ECLI:NL:HR:2020:427
Hoge Raad
- Cassatie
- Rechtspraak.nl
Niet-ontvankelijkheid van het beroep in cassatie inzake de Participatiewet
In deze zaak heeft de Hoge Raad op 13 maart 2020 uitspraak gedaan over de ontvankelijkheid van een beroep in cassatie van belanghebbende, [X] te [Z], tegen een uitspraak van de Centrale Raad van Beroep van 20 september 2019. Het beroep in cassatie was gericht tegen de uitspraak van de Centrale Raad van Beroep, die op haar beurt het hoger beroep van belanghebbende tegen een eerdere uitspraak van de Rechtbank Noord-Nederland behandelde. Deze laatste uitspraak betrof een besluit van het college van burgemeester en wethouders van de gemeente Heerenveen, genomen op basis van de Participatiewet.

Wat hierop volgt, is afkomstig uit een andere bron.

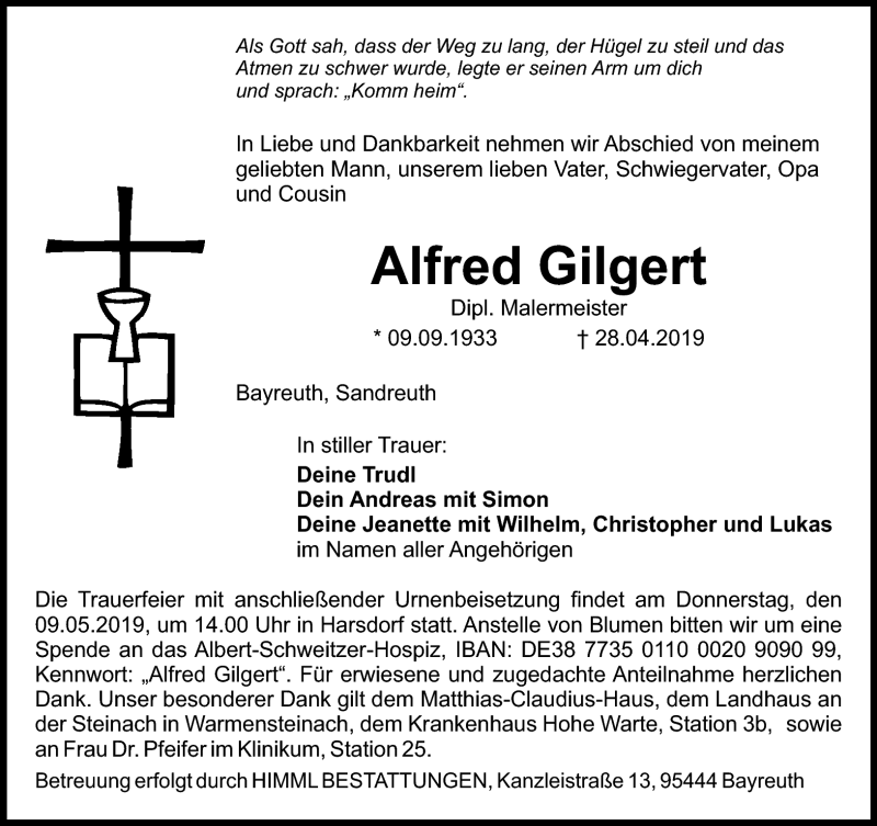 Hier finden Sie alle Traueranzeigen aus der Zeitung, die bisher für Alfred Gilgert erschienen sind. Weitere Traueranzeigen, die in der Zeitung erscheinen, werden hier ebenfalls aufgelistet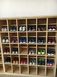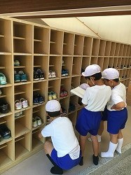 6年生が、自主的に児童玄関の下足箱をきれいに揃えてくれてます。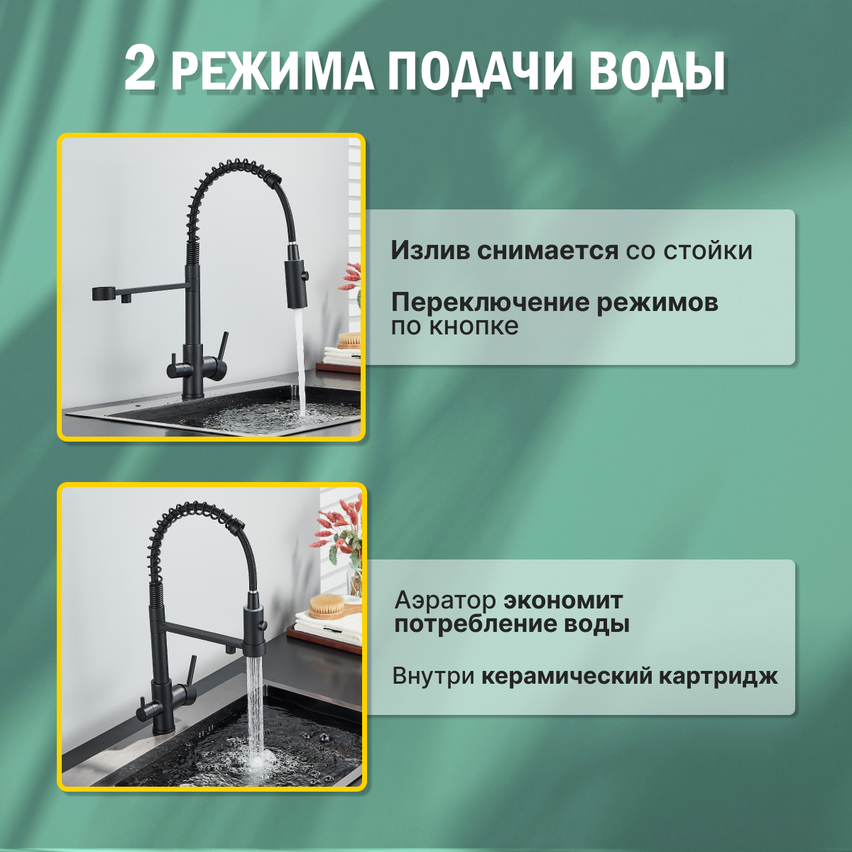 Смеситель кран для кухни с фильтром для питьевой воды, с гибким изливом, кухонный черный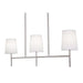 View full detailsTransitional vanity with tubular steel construction. White linen shades. Candelabra base sockets. Available in three or four shade design and three...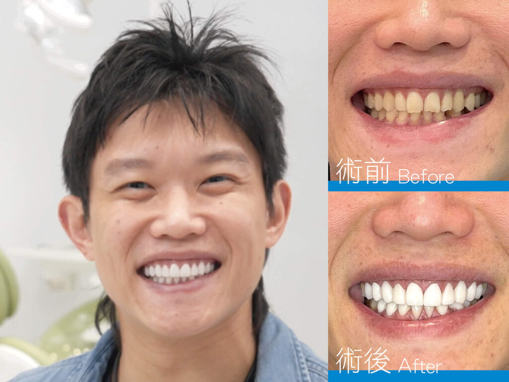 在陳冠宇這個案例中,法夏爾利用數位微笑設計,進行前牙美學設計模擬,團隊經多次比對討論,以期贗復物能精準完美地裝戴完成。過程中,醫師更與陳冠宇反覆溝通,確保最終成果能符合期待,共同打造陽光男孩最棒的自信笑容!

De Hoge Raad heeft vastgesteld dat het beroepschrift in cassatie niet tijdig was ingediend. De griffier van de Centrale Raad van Beroep had op 1 oktober 2019 een afschrift van de uitspraak aan de partijen verzonden, en de termijn voor het indienen van het beroepschrift eindigde op 12 november 2019. Het beroepschrift werd echter pas op 30 december 2019 bij de Hoge Raad ingediend, wat betekent dat het niet binnen de wettelijke termijn was ingediend. De Hoge Raad heeft belanghebbende de gelegenheid gegeven om te verklaren waarom de termijn was overschreden, maar de aangevoerde redenen werden niet als voldoende geacht om het verzuim te rechtvaardigen.
Daarom heeft de Hoge Raad het beroep in cassatie niet-ontvankelijk verklaard. Tevens is er geen aanleiding gezien voor een veroordeling in de proceskosten. Deze beslissing is openbaar uitgesproken door de raadsheer J. Wortel als voorzitter, samen met de raadsheren A.F.M.Q. Beukers-van Dooren en P.A.G.M. Cools, in aanwezigheid van de waarnemend griffier F. Treuren.